Tym razem informacja ze świata Fortnite'a i ostatniego eventu, który miał miejsce w tej grze w ostatnią sobotę. Zapraszam na małe podsumowanie.

Trzeba uczciwie przyznać, że developerzy Epic Games mają przysłowiowy łeb na karku. Gra ma już około półtora roku, a oni cały czas zapewniają graczom rozrywkę. I choć jedne zmiany spotykają się z większym entuzjazmem, inne zaś z mniejszym - to jednak na nudę nie można narzekać.

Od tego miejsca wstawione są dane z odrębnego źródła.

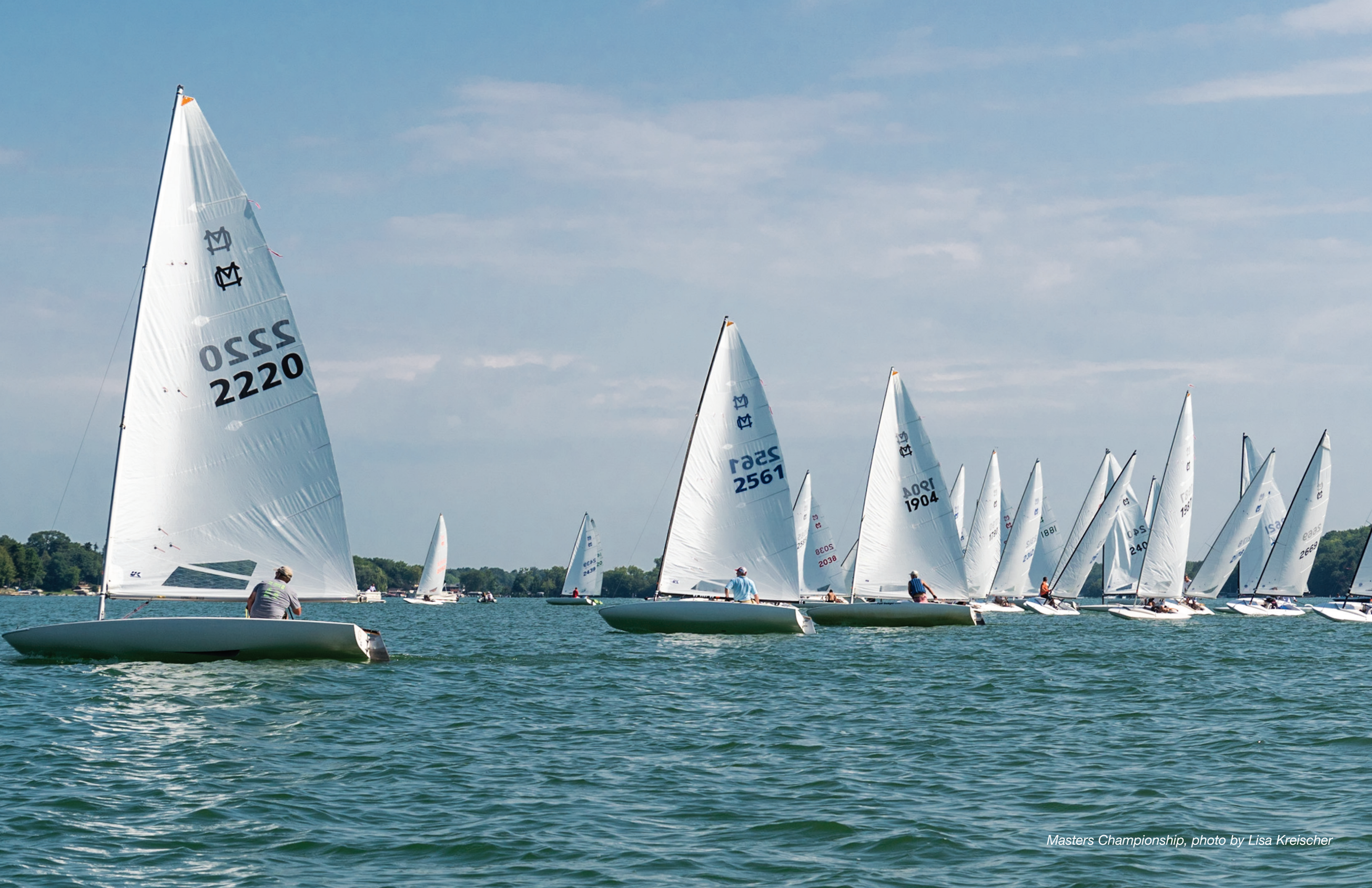
Masters Championship

Jak wspomniałem, w ostatnią sobotę w grze miał miejsce wielki event - a mianowicie zorganizowany koncert amerykańskiego producenta Marshmello. Tak, dobrze przeczytaliście - koncert w grze. Co więcej, był to koncert na żywo, w którym to faktycznie Marshmello sterował całym koncertem i ruchami postaci podczas trwania eventu. Co ciekawe, koncert ten, pod względem oglądalności w internecie, był największy w całej historii. To tylko pokazuje, jak wielką pracę w promocję gry wkładają działacze studia Epic Games.

Cóż, osobiście w fortnite nie gram już od bardzo dawna, przy grze spędziłem niewiele czasu - co nie znaczy, że jest to gra zła. Nie da się ukryć, że nie jest ona dla wszystkich, ale przecież nie o to chodzi.